Gates asked what they thought the reservation was like.

"It's just a bunch of weeds," they replied.

History shows that without a strong sense of self-identity, Indian students can take such hurtful opinions to heart. A tribal document dated during the 1970s says young Yavapai students in off-reservation public schools had taken to calling themselves "dumb Indians" because that's how others referred to them.

Valencia Yazzie, a Navajo who teaches kindergarten at 'Hman 'shawa school, says Indian children can accept their minority status and endure teasing in larger public schools if they are proud of their race and their people.

She points to her own daughter, half Navajo and half Hopi, as an example.

A student at Coronado High School in Scottsdale — where Navajo-Hopi students are rare, indeed — she has flourished, is an honor student and was selected to travel to Washington, D.C., and New York City this summer to meet with an international teen leaders group.

Raised in an urban setting for the last six years, Yazzie's daughter makes trips back to her mother's and father's reservations during school breaks to participate in the tribes' most traditional ceremonies.

"You need a sense of who you are and where you came from," says Yazzie.

And several research studies in education journals support this idea — revealing a definite link between an Indian child's academic performance and his sense of self-identity.

Fort McDowell students have good reason for their lack of self-esteem. Their tribe as a whole has suffered from an identity crisis for more than 100 years.

It was 1865 when Fort McDowell was established on the Verde River, a U.S. military outpost to fight Indians and protect the area's mining interests.

The primary enemy those days was the Apache tribe, a tough people armed with guns. The Yavapai, unrelated to the Apaches, roamed a wide area of the state that did not include the Apache territory.

Their nomadic descendants, who once numbered 6,000, were hunters and gatherers who were equipped only with bows, arrows and clubs.

Historians believe U.S. soldiers may have first mistaken the Yavapais for Apaches when they asked them who they were. "A'baja," the Indians might have replied. In Yavapai, it means "I am a person." But to the English-speaking soldiers, their pronunciation — ah ba jay — sounded like "Apache."

For decades, the soldiers considered these misidentified Yavapais their enemies. They slaughtered hundreds of virtually helpless men, women and children at Arizona sites named for the blood baths that occurred there — Skull Valley, Skeleton Cave, Bloody Basin.
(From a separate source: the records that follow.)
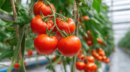 Within a tranquil greenhouse, rows of flourishing tomato plants boast ripe red fruits. Water droplets sparkle on the verdant leaves, enhancing the beauty of this thriving environment.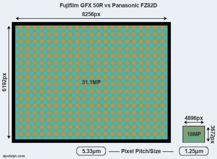 | Sensor Specs | Fujifilm GFX 50R | Panasonic FZ82D |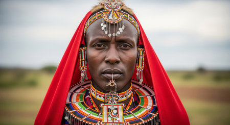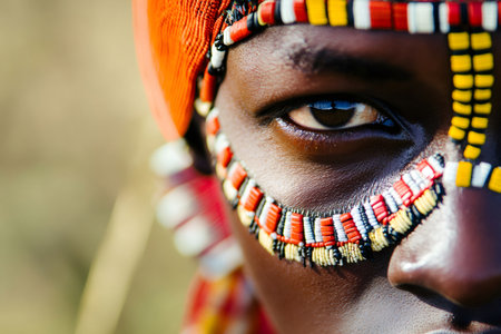 Bold close up of a Maasai warrior's face adorned with colorful traditional beads and headdress, showcasing the rich cultural heritage of the Maasai people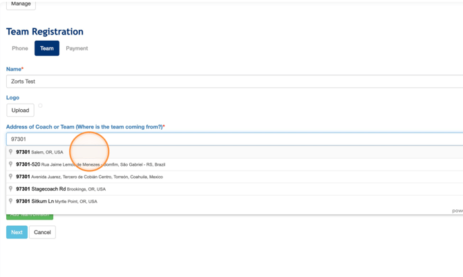 5. When entering your location, it's easiest to type a zip code. Make sure to select the correct location from the drop down.
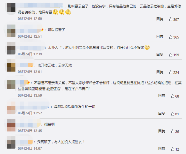 网友们除了在说曹云金早就不配用德云社给他的“云”字了,勿cue。其他的主要就是表示不管人家俩认识不认识,黑衣女生明显不愿意跟他走,都已经到这程度了居然还没人报警吗??
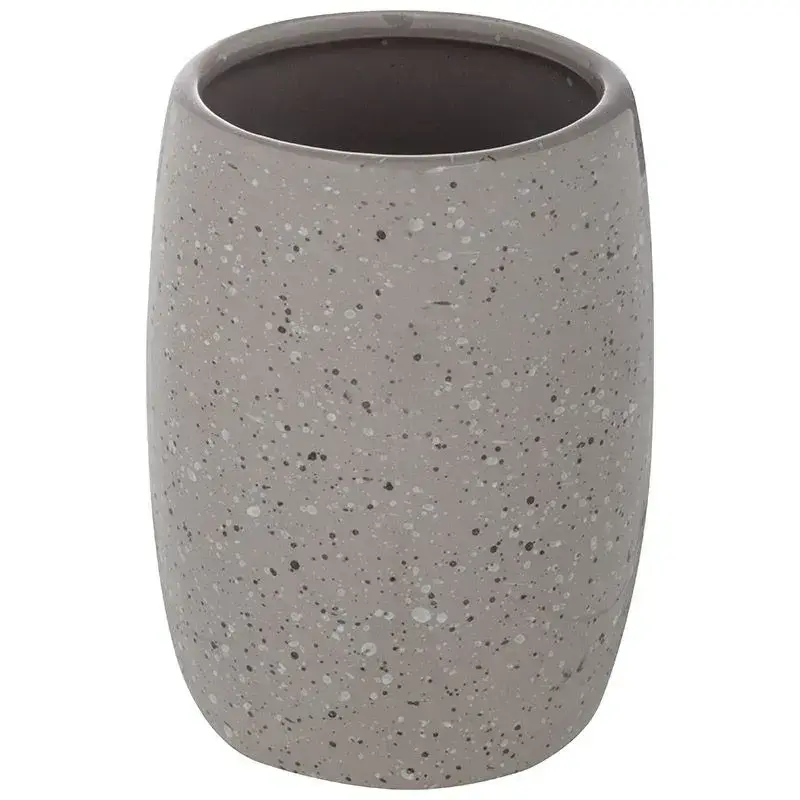 Стакан подойдет для хранения зубных щеток, паст, косметических инструментов и других мелочей. Нейтральный серый оттенок с деликатными блестками гармонично сочетается с любым стилем оформления — от классики до современного минимализма.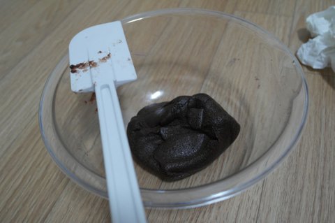 머랭 올린거는 사진을 못찍었네요. 사진찍는 사이 머랭 거품이 죽을까봐...ㄷㄷ 저건 슈가파우더 + 아몬드가루 + 코코아분말 + 흰자 로 반죽한 모습입니다.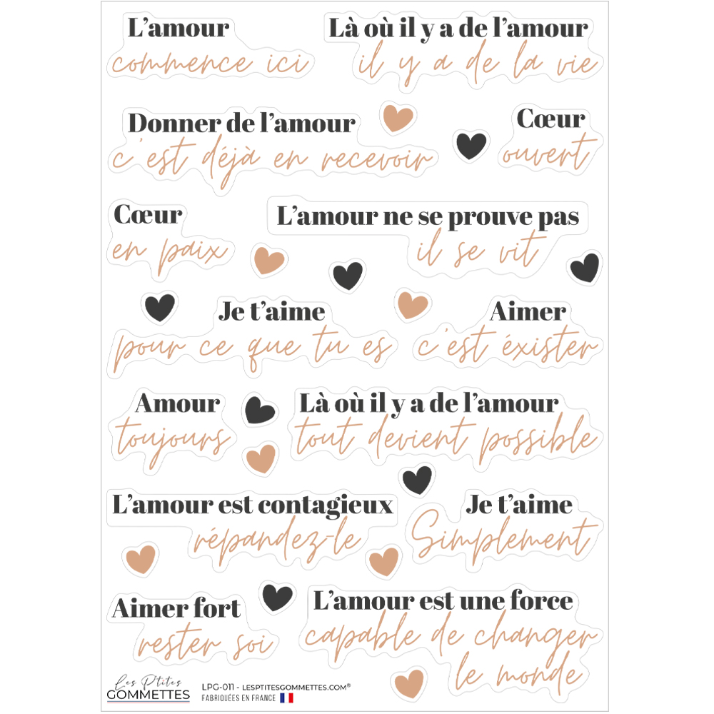 Cette planche de stickers célèbre l’amour sous toutes ses formes : amour de soi, amour des autres, amour du quotidien. Chaque citation invite à la douceur, à l’ouverture du cœur et à la bienveillance.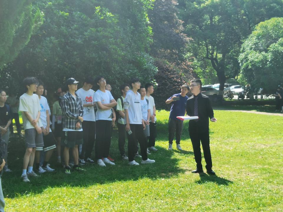 首先,大家在省园集合,讲解员为大家详细讲述了省园雕塑的故事。这块雕塑由一块形似东方醒狮的石头和一枚侵华日军轰炸长沙时遗留下来的炮弹组成,上面刻着“铭记历史,振兴中华”的碑文。这块雕塑背后,是当时高校师生在艰苦环境中对学问的专注,更是永不妥协的坚毅与勇气。

In 1875, the soldiers forced the surviving 1,400 Yavapais to march from the Verde Valley area to the San Carlos Apache reservation in the eastern mountains. During the two-week "Trail of Tears," hundreds more Yavapais died, many from the rigors of the trek. Yavapai tales say others perished after consuming poisoned drinks and meat, young ones who had trouble keeping up were choked to death and babies born en route were left on the trail to die. Legend has it that the tears cried along the way turned to stone — Yavapai Tears — which came erroneously to be called Apache Tears.

The military thought the Indians were returning to their own Apache people. But the Yavapais — who didn't speak Apache — called it imprisonment.

They stayed in San Carlos for 25 years — a generation — and were further misnamed. A tribal researcher says she has found 25 different names for the tribe. Apaches believed because they had come from the west, they must be part of the Mohave Indian tribe.

When the group was finally granted its own reservation in 1903 — at the present-day site near the Beeline Highway and Shea Boulevard — only 400 Yavapais remained.

By then, their culture and traditions had been diluted by living with and marrying the Apaches. Many of their children were sent away to boarding schools, never to be seen again.

Their erroneous identity became official when they were called the Fort McDowell Mohave-Apache Indian Community — a name that stuck for the next 97 years.

They were neither Mohaves nor Apaches. Their 25,000-acre homeland was a tiny slice of nine million square miles their ancestors roamed. And to add insult to injury, the very name of the reservation forever commemorated the headquarters of the soldiers who nearly obliterated their tribe.